Supplied records
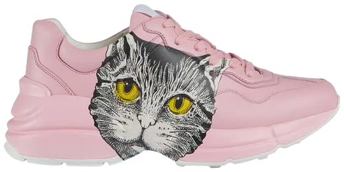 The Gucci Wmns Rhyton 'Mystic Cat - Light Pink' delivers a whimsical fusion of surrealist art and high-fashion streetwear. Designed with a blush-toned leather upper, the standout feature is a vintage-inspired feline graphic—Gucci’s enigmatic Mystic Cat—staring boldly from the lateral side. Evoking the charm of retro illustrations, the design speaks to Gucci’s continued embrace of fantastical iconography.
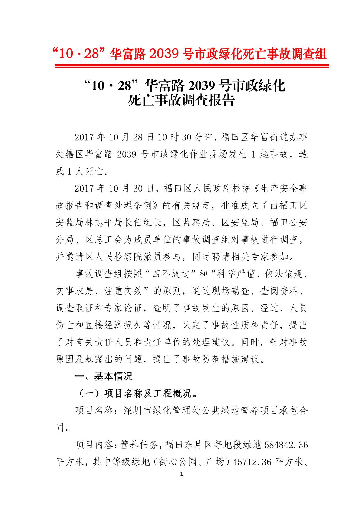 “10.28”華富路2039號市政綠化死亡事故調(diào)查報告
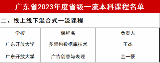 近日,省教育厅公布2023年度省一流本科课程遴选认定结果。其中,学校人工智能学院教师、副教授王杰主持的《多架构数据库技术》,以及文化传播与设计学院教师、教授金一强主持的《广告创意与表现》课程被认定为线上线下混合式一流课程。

--

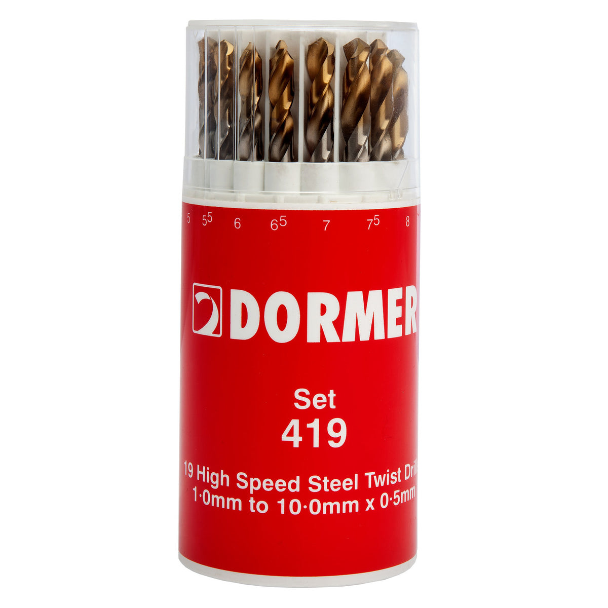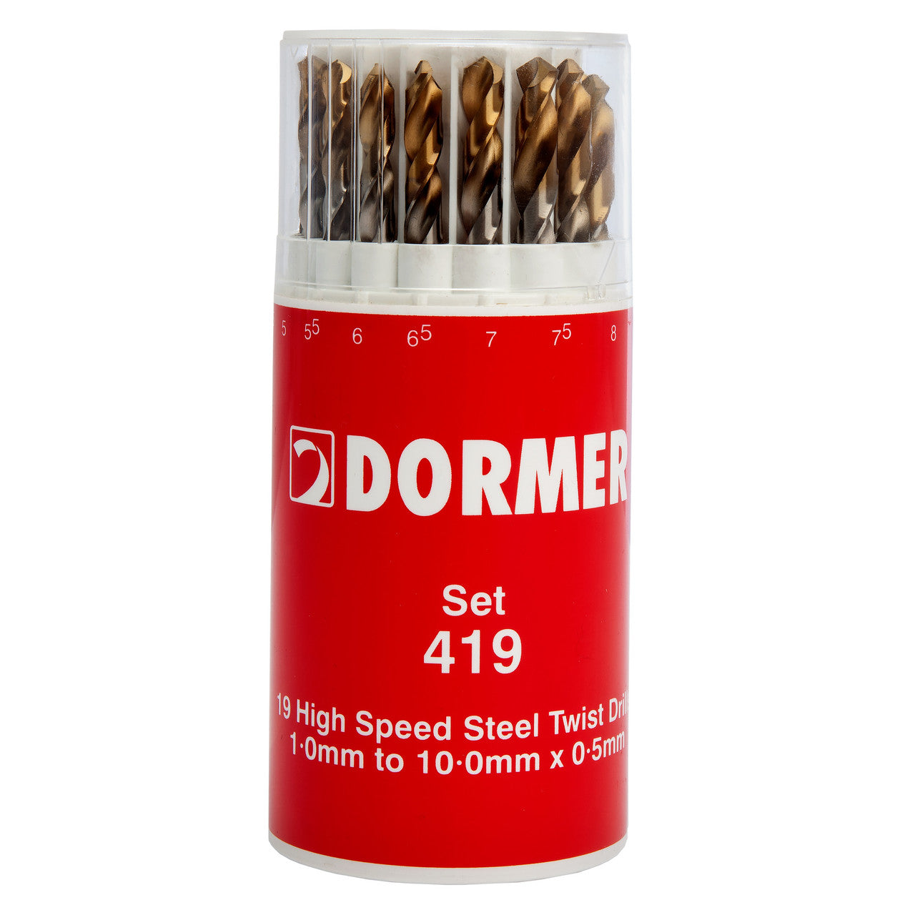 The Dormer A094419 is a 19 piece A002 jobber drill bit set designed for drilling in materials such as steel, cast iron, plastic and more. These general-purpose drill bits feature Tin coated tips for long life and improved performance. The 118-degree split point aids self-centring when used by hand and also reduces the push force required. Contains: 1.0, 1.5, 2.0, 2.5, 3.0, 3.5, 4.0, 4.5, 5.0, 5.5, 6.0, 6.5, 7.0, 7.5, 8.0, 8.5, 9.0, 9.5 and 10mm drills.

What is needed
Skipping every picture, transcribe exactly the lines above from the one containing "The Gucci Wmns" through the one containing "近日,省教育厅公布2023年", both included.

Solution to this task
 The Gucci Wmns Rhyton 'Mystic Cat - Light Pink' delivers a whimsical fusion of surrealist art and high-fashion streetwear. Designed with a blush-toned leather upper, the standout feature is a vintage-inspired feline graphic—Gucci’s enigmatic Mystic Cat—staring boldly from the lateral side. Evoking the charm of retro illustrations, the design speaks to Gucci’s continued embrace of fantastical iconography.
 “10.28”華富路2039號市政綠化死亡事故調(diào)查報告
 近日,省教育厅公布2023年度省一流本科课程遴选认定结果。其中,学校人工智能学院教师、副教授王杰主持的《多架构数据库技术》,以及文化传播与设计学院教师、教授金一强主持的《广告创意与表现》课程被认定为线上线下混合式一流课程。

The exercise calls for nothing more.